## Assignment:
Please return the data that follows precisely as written, but without the images.
======== Supplied records
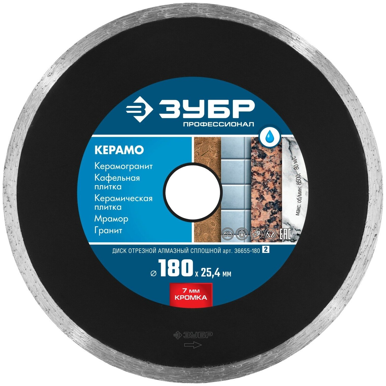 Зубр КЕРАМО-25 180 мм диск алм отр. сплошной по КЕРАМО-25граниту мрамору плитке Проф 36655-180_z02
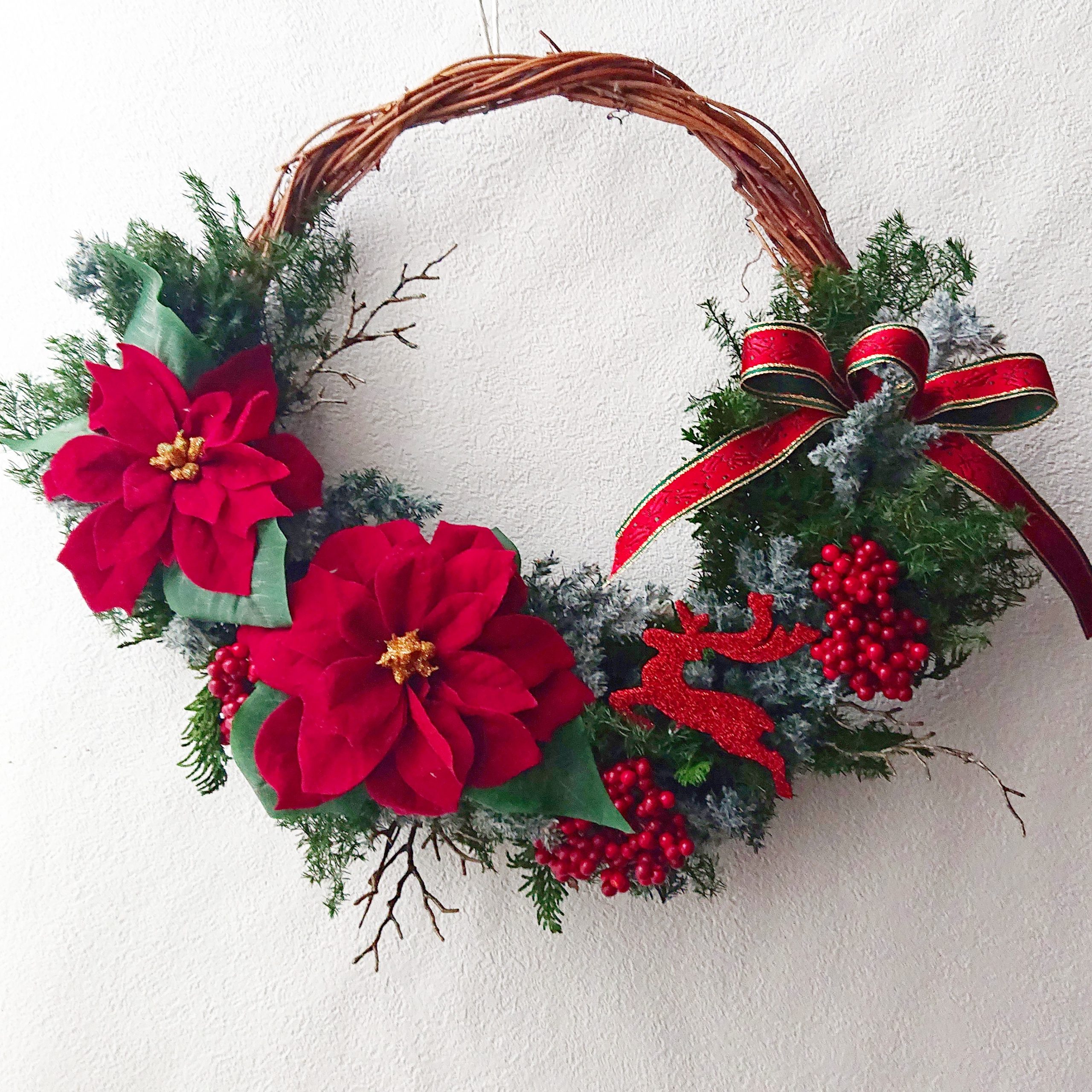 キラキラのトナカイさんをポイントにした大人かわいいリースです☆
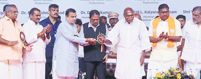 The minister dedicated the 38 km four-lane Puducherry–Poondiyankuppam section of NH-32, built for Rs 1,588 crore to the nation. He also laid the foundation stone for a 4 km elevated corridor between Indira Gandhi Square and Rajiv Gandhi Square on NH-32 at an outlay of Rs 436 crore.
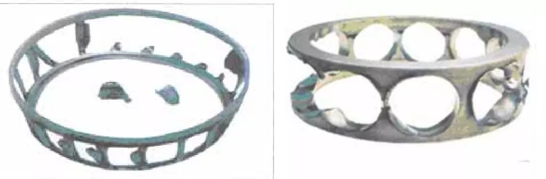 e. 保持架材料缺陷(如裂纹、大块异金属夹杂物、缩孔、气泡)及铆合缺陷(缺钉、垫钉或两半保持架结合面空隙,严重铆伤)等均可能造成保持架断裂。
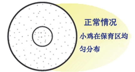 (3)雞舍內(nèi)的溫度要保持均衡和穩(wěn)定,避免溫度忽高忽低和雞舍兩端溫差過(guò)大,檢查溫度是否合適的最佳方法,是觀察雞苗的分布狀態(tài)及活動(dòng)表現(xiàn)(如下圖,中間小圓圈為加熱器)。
================
## Result:
 Зубр КЕРАМО-25 180 мм диск алм отр. сплошной по КЕРАМО-25граниту мрамору плитке Проф 36655-180_z02
 キラキラのトナカイさんをポイントにした大人かわいいリースです☆
 The minister dedicated the 38 km four-lane Puducherry–Poondiyankuppam section of NH-32, built for Rs 1,588 crore to the nation. He also laid the foundation stone for a 4 km elevated corridor between Indira Gandhi Square and Rajiv Gandhi Square on NH-32 at an outlay of Rs 436 crore.
 e. 保持架材料缺陷(如裂纹、大块异金属夹杂物、缩孔、气泡)及铆合缺陷(缺钉、垫钉或两半保持架结合面空隙,严重铆伤)等均可能造成保持架断裂。
 (3)雞舍內(nèi)的溫度要保持均衡和穩(wěn)定,避免溫度忽高忽低和雞舍兩端溫差過(guò)大,檢查溫度是否合適的最佳方法,是觀察雞苗的分布狀態(tài)及活動(dòng)表現(xiàn)(如下圖,中間小圓圈為加熱器)。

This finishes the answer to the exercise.